Hi, I've deliberated about writing this but here goes.
What a shxt day, not a good or even marginally bad, it feels shxt.
I'm sorry for sharing but I just have to unburden it, we can only go on for so long can't we?.
I thought I've been doing so well, then it up and smacks you big time, the reminder that my brain no longer functions as it used to, and I feel that makes me a lesser person, that it's all my fault, when of course it isn't.
Trying to help my son with his first major job application, he's just finished uni, after 3 very difficult years he's done it and gained a 2:1 what an achievement because we only just got the diagnosis through in April that he is on the autistic spectrum. He's 21 now and it's been missed all through school it's only uni and the fact that now I've got a brain injury so knew there was something amiss, that we've found out.
So I'm trying to make sense of the Gov.uk website so I can guide him through it, his sister is also trying to help via face time, she's in Germany, and ima bit slow and getting frustrated.
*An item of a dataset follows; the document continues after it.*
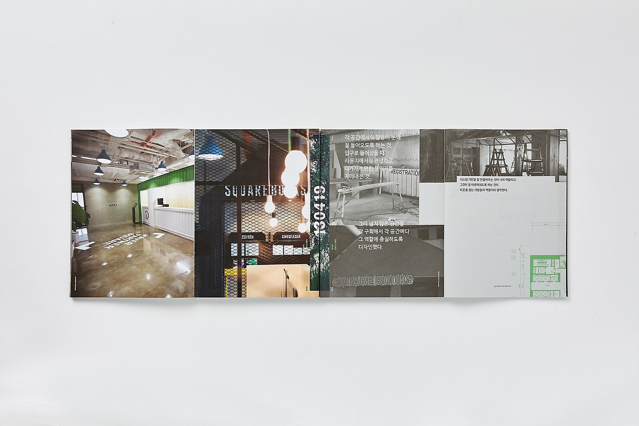 Work book은 최대한 인공적으로 가공된 느낌의 이미지를 담았다. Story book은 Work book과 완전히 반대 콘셉트로, 정리되지 않은 생각과 이미지들을 극대화하고 싶었다. 인터뷰 내용이 여과 없이 그대로 들어가기도 하고, 작업자의 생각을 짧은 문구로 넣기도 했다. 이미지는 최대한 raw 하고 natural 하게 사용했다. 내지 디자인은 폰트를 지정한 것 말고는 그리드, 여백, 이미지 크기, 폰트 크기 등에 별도 규칙을 두지 않았다. 최대한 날것의 느낌을 그대로 살리고 싶었다. 종이 역시 Work book은 깔끔하게 코팅이 된 젠틀페이스를 Story book은 러프한 신문용지를 사용했다. 또한 Story book에 사용한 사진은 디지털카메라로 촬영했고 Story book에 사용한 이미지는 필름 카메라를 사용해 두 책의 대비를 더욱 강하게 만들었다.
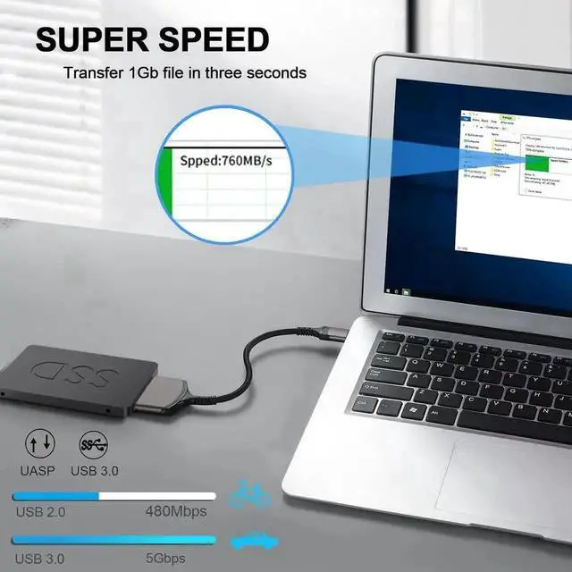 [Quickly Access to 2.5'' SSD/HDD] This SATA to USB 3.0 Adapter allows you to add driver space to you laptop by connecting to a 2.5 SSD or HDD. You can connect to an external drive to add storage, perform backups, create disk images, implement data recoveries, and transfer content to your laptop, Overall length: 9 inches Note: Only works with 2.5-inch SSDs & HDDs NOT Support 3.5-inch SSDs & HDDs

Throw hubby into the mix trying to work from home on a conference call and I'm so stressed by it I burst into tears.
Welcome to brain injury land.
I'd just like to be cut a little slack at times, if the family doesn't remember what I'm dealing with, there's no hope is there?
We will get there once this first job application is done, I'll relax. Course there's no guarantee he'll get it, then we have to cope with the fall out from that!!!
It's never ending is it?
So, sorry all. Got to get back to that application.